Clara points out that the kids won’t want to be saved, they’ll want to be with their families. That Danny won’t leave the kids, and that she won’t leave humanity, she won’t become the last of her race. So she orders the Doctor to leave before the planet is destroyed. Meanwhile the nations of the world try and defoliate those flame… proof… trees…
Just a minute! This could work out OK after all. Providing the trees are unharmed, the solar flare will be repelled by the extra oxygen from the new trees.

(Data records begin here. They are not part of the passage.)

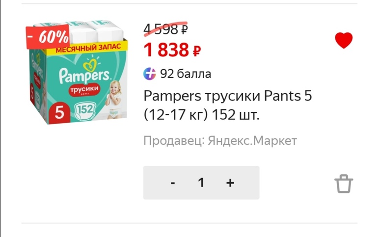 Неужели вам нравятся обычные Памперс? Цена даже со скидкой 17р/шт, а качество ужасное 🙈 Я за эту цену заказываю на WB и OZON японские трусики, мягкие как хлопок внутри и не образуется такого жуткого комка между ног, нет этих противных ароматизаторов.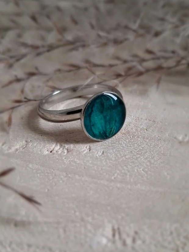 Pierścionek z małym oczkiem z turkusową hortensją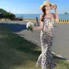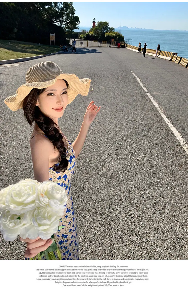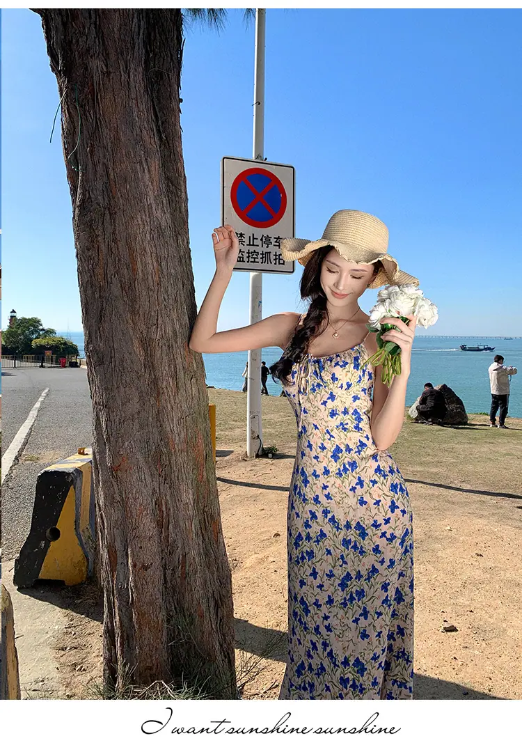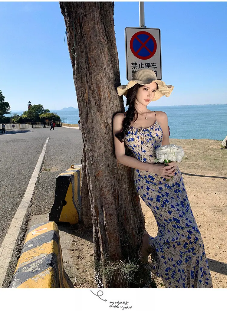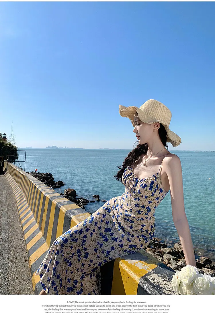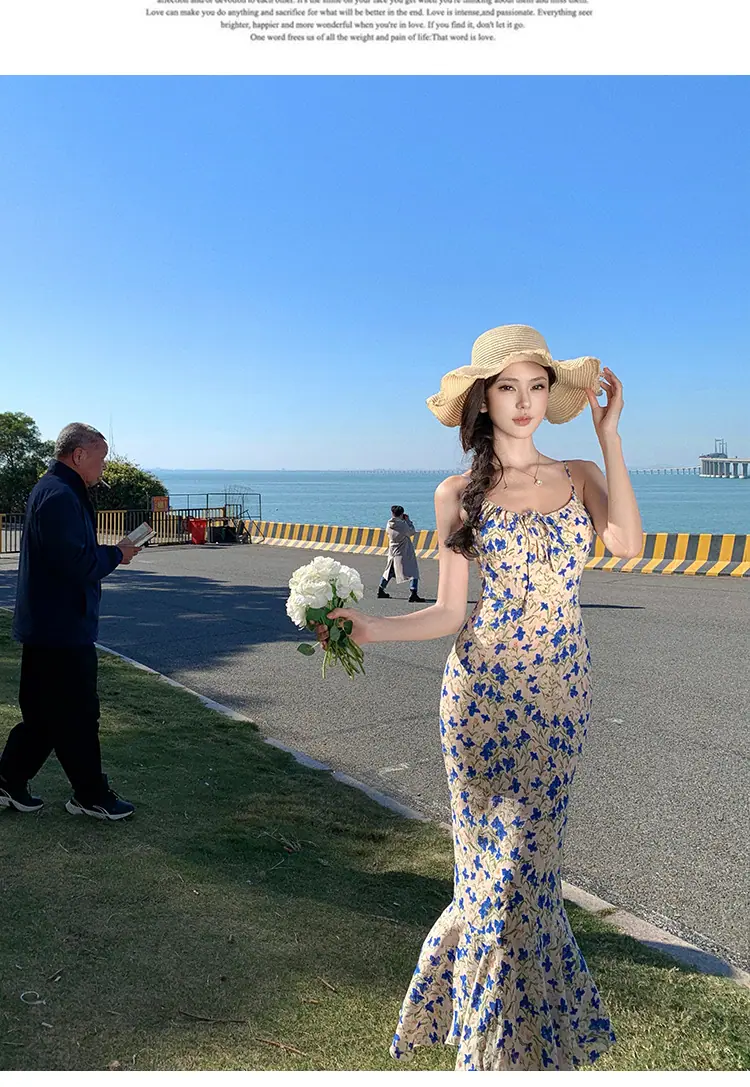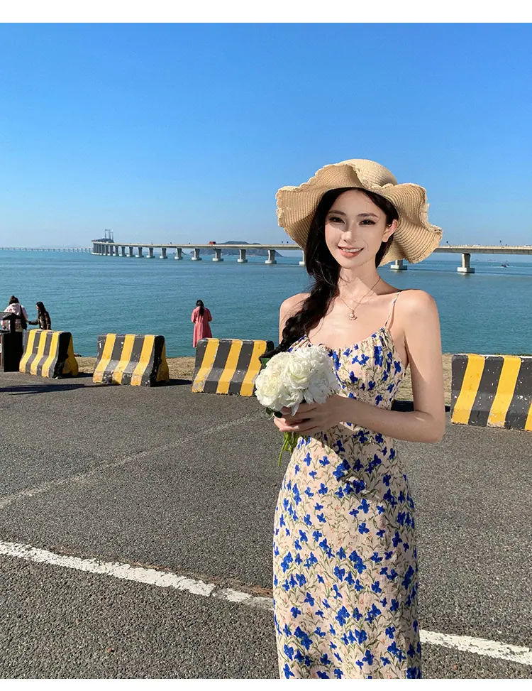 Vestido de mariposa azul estilo festivo francés para mujer, falda lencero floral de verano, falda larga hasta la cintura.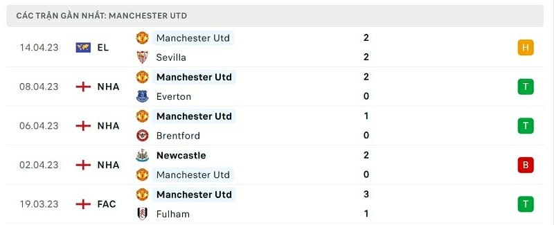 Thành tích đối đầu Nottingham Forest vs Man United: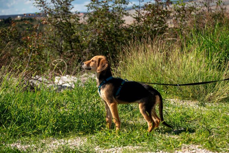 Franzl ist ein Jagdhundmix und wird vermutlich mittelgroß. Er freut sich über den Besuch einer passenden Hunde(halter)schule, in dem ihr gemeinsam das Hunde-Einmaleins lernen (oder auffrischen) und euch noch besser kennenlernen könnt.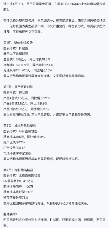 PPT毕竟是排版+文字+图形的综合活儿,AI在输出这类内容形式时,在字体边缘、图表细节、转角处理这些偏图形的维度上,偶尔还是会有些小瑕疵。

The trees are forming a shield to save humanity! Let’s hope no one damages those… important… oxygen-creating… leaves…
HANG ON! We need to stop the humans damaging the trees. And there’s only one way to to that. Maeve constructs a message they can send to every phone on the planet, and she asks humanity to leave the trees alone. Job done! All that remains is a trip to space to see everything happen, although no one wants to go apart from the Doctor and Clara (who has totally just snogged Danny in front of the kids).
Out in space, they watch as the solar flare fails to burn the planet to a crisp, and so does Missy (remember Missy?). Then, back in Clara’s flat, they watch as all the trees disappear, ready for the next moment of threat from on high.
Outside Maeve’s house, the last bush to vanish reveals her lost sister, waiting on the doorstep.